The union has reiterated its intent to go on strike for the second time if there is no agreement before the January 15, 2025 expiration of the contract. It would come just five days before Trump’s inauguration and threaten to impact the planned agenda of the new president who ran on improving the U.S. economy.

USMX quickly responded to Trump’s posting saying it looks forward to working with the new president and his administration. USMX was also pressured by the Biden administration during the October strike with President Joe Biden, Acting Labor Secretary Julie Su, and Transportation Secretary Pete Buttigieg all pressing for significant wage increases for the longshoremen. The ILA and USMX agreed to a 61 percent wage increase for the new six-year contract but left automation to be resolved.

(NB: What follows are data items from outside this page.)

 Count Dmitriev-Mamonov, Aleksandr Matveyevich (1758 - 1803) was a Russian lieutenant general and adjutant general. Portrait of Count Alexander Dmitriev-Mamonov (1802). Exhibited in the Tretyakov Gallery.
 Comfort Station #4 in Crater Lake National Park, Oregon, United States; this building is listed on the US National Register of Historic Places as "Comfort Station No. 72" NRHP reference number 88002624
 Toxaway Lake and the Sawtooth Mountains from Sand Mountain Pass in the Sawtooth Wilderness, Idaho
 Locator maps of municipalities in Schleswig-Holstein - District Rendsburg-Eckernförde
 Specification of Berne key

“This contract goes beyond our ports – it is about supporting American consumers and giving American businesses access to the global marketplace – from farmers to manufacturers, to small businesses and innovative start-ups looking for new markets to sell their products,” USMX said in a statement tonight responding to Trump and the ILA. “To achieve this, we need modern technology that is proven to improve worker safety, boost port efficiency, increase port capacity, and strengthen our supply chains. ILA members’ compensation increases with the more goods they move – the greater capacity our ports have and goods that are moved means more money in their pockets.”

Earlier this week, the ILA’s Dennis Dagget called the media reporting on automation and port efficiency “inaccurate and irresponsible.” In a long message posted online, he contends U.S. ports are among the most efficient in the world noting they handle one of the highest volumes of cargo. He criticizes the World Bank and S&P Global Market Intelligence Survey for comparing U.S. full-service ports with transshipment ports. 

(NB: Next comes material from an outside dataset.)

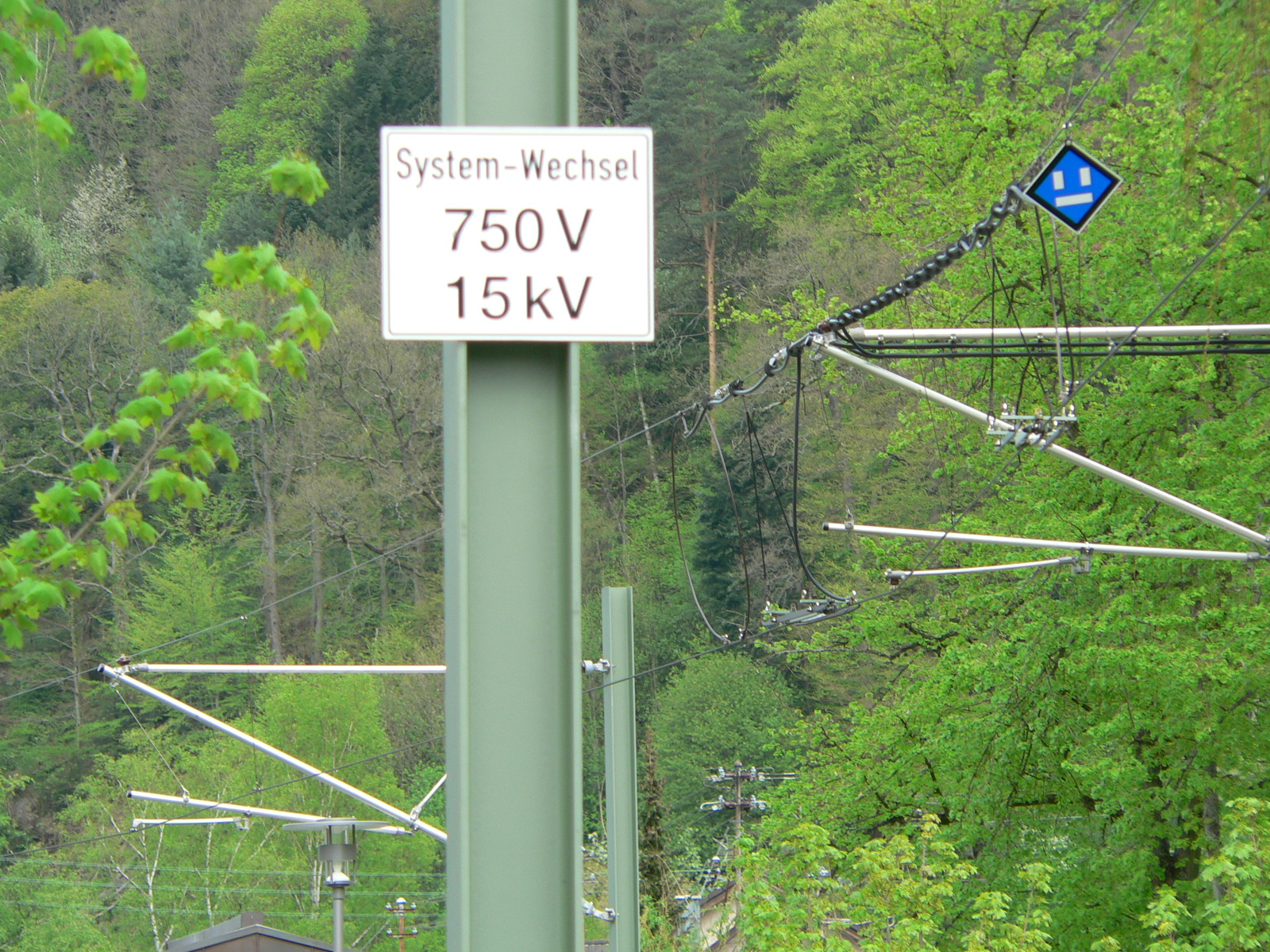 Change of voltage from 750 V to 15 kV in Bad Wildbad, Germany.

“The scale and complexity of these operations far exceed the operations of most transshipment ports,” writes Daggett. He says the World Bank uses criteria such as turnaround time which does not consider the challenges of clearance, moving containers between ships and other modes of transport, and safety and security protocols mandated by U.S. law.  “Ignoring these facts distorts the efficiency ratings,” contends Daggett.

“The ILA and its members are ready and willing to be part of this progress, particularly when it comes to adopting technology that promotes efficiency without replacing the critical role of a human performing that task. However, we will not stand for reckless mischaracterizations of our industry and our work,” wrote Daggett.

He also raises the impact of outdated infrastructure on U.S. ports. He says of things such as highways, bridges, rail systems, and dredging operations, “these critical connections to the ports are decades behind the needs of modern commerce.”

USMX and the ILA are at a stalemate over automation and semi-automation which the union says threatens to cause another coastwide strike. Harold Daggett calls it a fight for survival while the USMX says progress is needed to increase efficiency and advance safety while expanding the capacity of U.S. ports to keep up with global demand.